Lets have a little science fun with the weather and make a rain gauge. We can learn about
the clouds and how rain forms, then measure the amount of rainfall.

Materials Make A Rain Gauge
• 2 Liter Plastic Bottle
• Scissors or Carpet Knife
• Duct Tape
• Sand
• Sharpie Marker
• Ruler

Process To Make A Rain Gauge:

1) Empty and wash out the 2 liter bottle so it's nice and clean.

2) Take the scissors or carpet knife and cut off the spout top right where the taper or curve
begins.

3) Fill bottom of the bottle with 1/2 inch of sand. This will create ballast and  keep the bottle
from falling over.

4) Pour in just enough water so you can see the water level above the sand. This is called
the saturation point.

5) Use the Sharpie Marker to draw a line at the saturation point above the sand. Next to the
line write "starting point".

6) Line the ruler up (from the starting/saturation point) and draw a line for every inch up to the
top of the bottle. Go back and use the marker to add dots for 1/4, 1/2, 3/4 inch spots between
every inch.

7) Take the top "cut off" spout portion of the bottle and flip it upside down. Insert it into the
bottle and use some duct tape to secure it. This part will help catch and collect the rainfall by

8) Find a good place to put your rain gauge. Make sure nothing is blocking it from above and
its in a stable wide open area.

The Science Behind A Rain Gauge

Basically, any measuring glass left outside can serve as a rain gauge. However, since most
rain showers are usually quite windy, you'll want to fasten your rain gauge somewhere so
that it doesn't blow over.

Locate a good place for your gauge. There should be nothing overhead, like trees, electric
wires, or the edge of a roof. These obstructions can direct rainwater into or away from your
gauge, creating a false reading. The edge of a fence, away from the building, is often a good

Once you have found the spot, set your rain gauge in place. Wait for rain, then record your
measurement, and empty the gauge. Now grab some friends and Make A Rain Gauge.

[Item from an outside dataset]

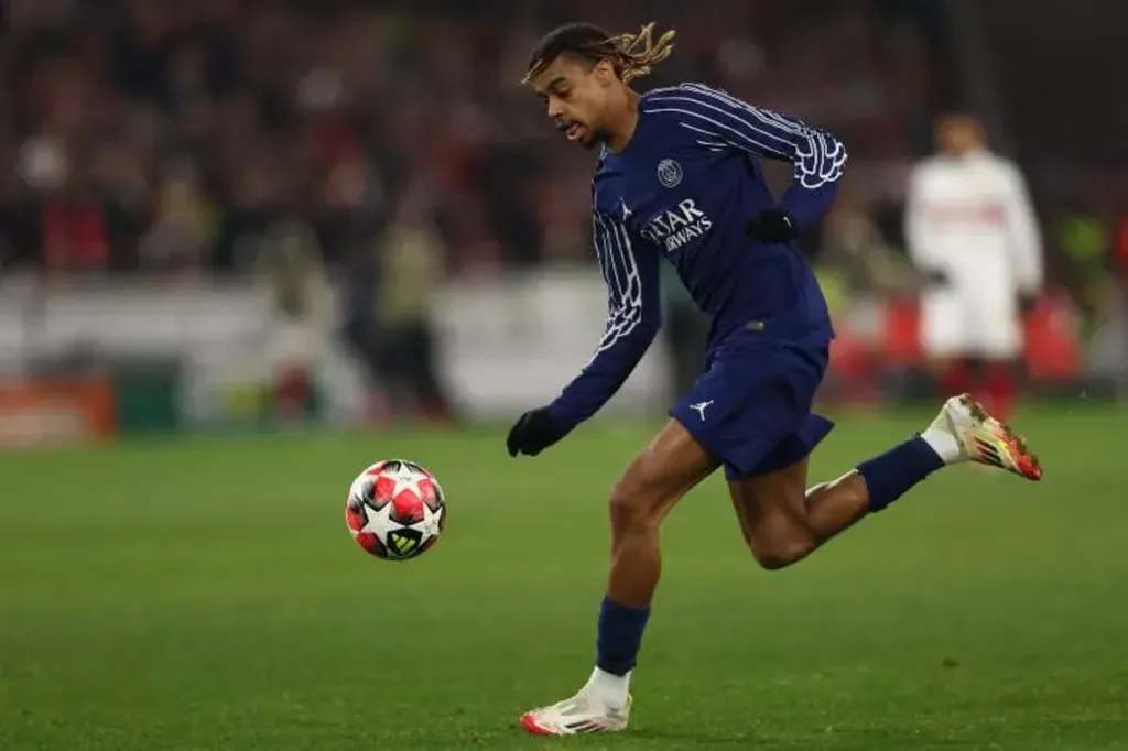 | Bradley Barcola lors de la rencontre de Ligue des champions face à Stuttgart, le 29 janvier 2025. |

The United States Weather Bureau is home to the official rain gauge. The device is a large
cylinder 19.7 inches tall with a  7.9 inch wide funnel. Professional rain gauges utilize a
protecting housing around the measuring cylinder inside the gauge to ensure accuracy.

Why Does it Rain?

When the water droplets or ice crystals that make up clouds become too large to remain
suspended in the air, they fall. Water in any form that falls from clouds-snow, rain, hail-is
called precipitation. Many different conditions cause precipitation. In tropical regions of the
world, air currents cause the water droplets in a cloud to bump into one another; this
bumping forces them together into larger droplets and they fall as rain. If the cloud is high in
the sky, and the air the rain passes through is warm and dry, the rain may evaporate before it
ever reaches Earth. In colder climates, most rain starts out as snowflakes or ice crystals.
Depending on how high the cloud and how warm the air, these crystals will fall to Earth either
as rain or as snow (or perhaps as sleet or hail).

The Science of Clouds

Clouds are a wonderful part of the weather cycle. They form when little tiny droplets of water
or ice crystals collect in the air. Weather scientists have a way to classify the clouds by their
height in the atmosphere, their shapes, and what they are made of.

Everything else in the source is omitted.